Or to be specific, why do we use foldr to encode lists and iteration to encode numbers?
Sorry for the longwinded introduction, but I don't really know how to name the things I want to ask about so I'll need to give some exposition first. This draws heavily from this C.A.McCann post that just not quite satisfies my curiosity and I'll also be handwaving the issues with rank-n-types and infinite lazy things.
One way to encode datatypes as functions is to create a "pattern matching" function that receives one argument for each case, each argument being a function that receives the values corresponding to that constructor and all arguments returning a same result type.
This all works out as expected for non-recursive types
--encoding data Bool = true | False
type Bool r = r -> r -> r
true :: Bool r
true = \ct cf -> ct
false :: Bool r
false = \ct cf -> cf
--encoding data Either a b = Left a | Right b
type Either a b r = (a -> r) -> (b -> r) -> r
left :: a -> Either a b r
left x = \cl cr -> cl x
right :: b -> Either a b r
right y = \cl cr -> cr y
However, the nice analogy with pattern matching breaks down with recursive types. We might be tempted to do something like
--encoding data Nat = Z | S Nat
type RecNat r = r -> (RecNat -> r) -> r
zero = \cz cs -> cz
succ n = \cz cs -> cs n
-- encoding data List a = Nil | Cons a (List a)
type RecListType a r = r -> (a -> RecListType -> r) -> r
nil = \cnil ccons -> cnil
cons x xs = \cnil ccons -> ccons x xs
but we can't write those recursive type definitions in Haskell! The usual solution is to force the callback of the cons/succ case to be applied to all levels of recursion instead of just the first one (ie, writing a fold/iterator). In this version we use the return type r
where the recursive type would be:
--encoding data Nat = Z | S Nat
type Nat r = r -> (r -> r) -> r
zero = \cz cf -> cz
succ n = \cz cf -> cf (n cz cf)
-- encoding data List a = Nil | Cons a (List a)
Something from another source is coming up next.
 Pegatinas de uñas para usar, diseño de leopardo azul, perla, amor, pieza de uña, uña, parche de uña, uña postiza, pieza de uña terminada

type recListType a r = r -> (a -> r -> r) -> r
nil = \z f -> z
cons x xs = \z f -> f x (xs z f)
While this version works, it makes defining some functions much harder. For example, writing a "tail" function for lists or a "predecessor" function for numbers is trivial if you can use pattern matching but gets tricky if you need to use the folds instead.
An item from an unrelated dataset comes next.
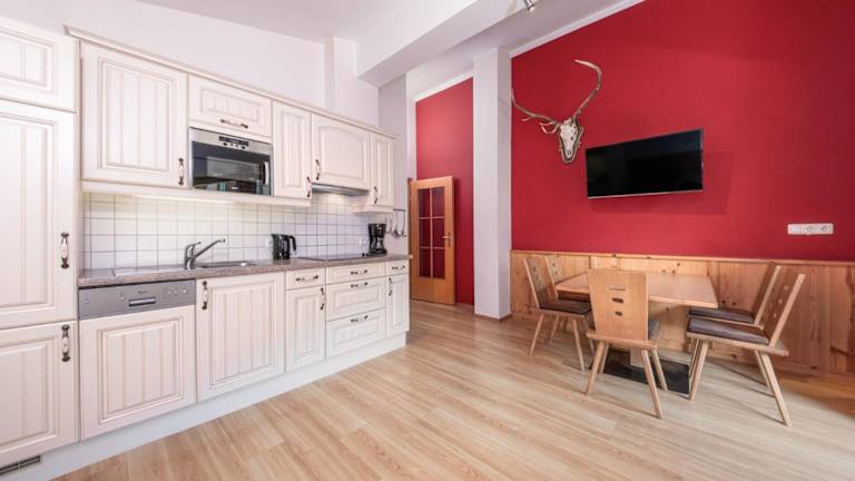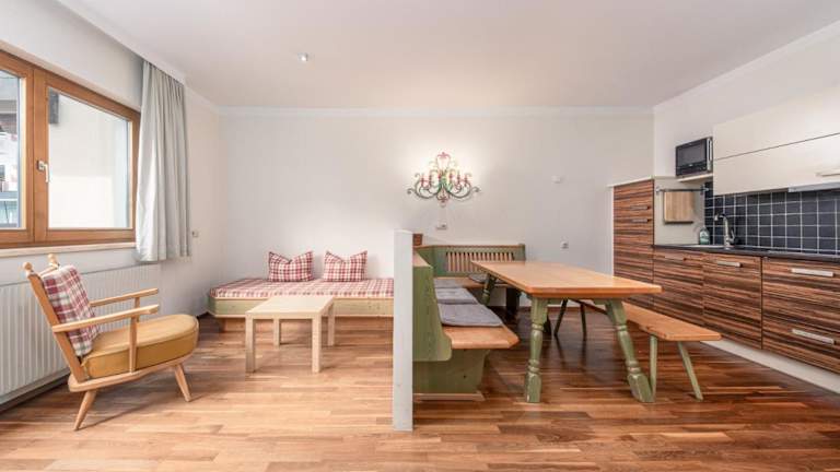 Die Gäste des Apartments Alpina können die Halbpension im 300 m entfernten Huber's Boutique Hotel genießen. Hier werden köstliche Mahlzeiten serviert. Das Hotel verfügt auch über ein Wellnesscenter, das gegen eine zusätzliche Gebühr genutzt werden kann.

So onto my real questions:
How can we be sure that the encoding using folds is as powerful as the hypothetical "pattern matching encoding"? Is there a way to take an arbitrary function definition via pattern matching and mechanically convert it to one using only folds instead? (If so, this would also help make tricky definitions such as tail or foldl in terms of foldr as less magical)
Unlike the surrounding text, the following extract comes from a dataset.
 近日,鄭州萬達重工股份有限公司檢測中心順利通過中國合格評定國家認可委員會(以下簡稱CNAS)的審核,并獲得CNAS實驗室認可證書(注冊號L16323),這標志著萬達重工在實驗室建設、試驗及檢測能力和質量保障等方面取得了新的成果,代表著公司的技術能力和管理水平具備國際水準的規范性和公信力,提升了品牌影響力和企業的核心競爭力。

Why doesn't the Haskell type system allow for the recursive types needed in the "pattern matching" encoding?. Is there a reason for only allowing recursive types in datatypes defined via data
? Is pattern matching the only way to consume recursive algebraic datatypes directly? Does it have to do with the type inferencing algorithm?
Given some inductive data type
data Nat = Succ Nat | Zero
we can consider how we pattern match on this data
case n of
Succ n' -> f n'
Zero -> g
it should be obvious that every function of type Nat -> a
can be defined by giving an appropriate f
and g
and that the only ways to make a Nat
(baring bottom) is using one of the two constructors.
EDIT: Think about f
for a moment. If we are defining a function foo :: Nat -> a
by giving the appropriate f
and g
such that f
recursively calls foo
than we can redefine f
as f' n' (foo n')
such that f'
is not recursive. If the type a = (a',Nat)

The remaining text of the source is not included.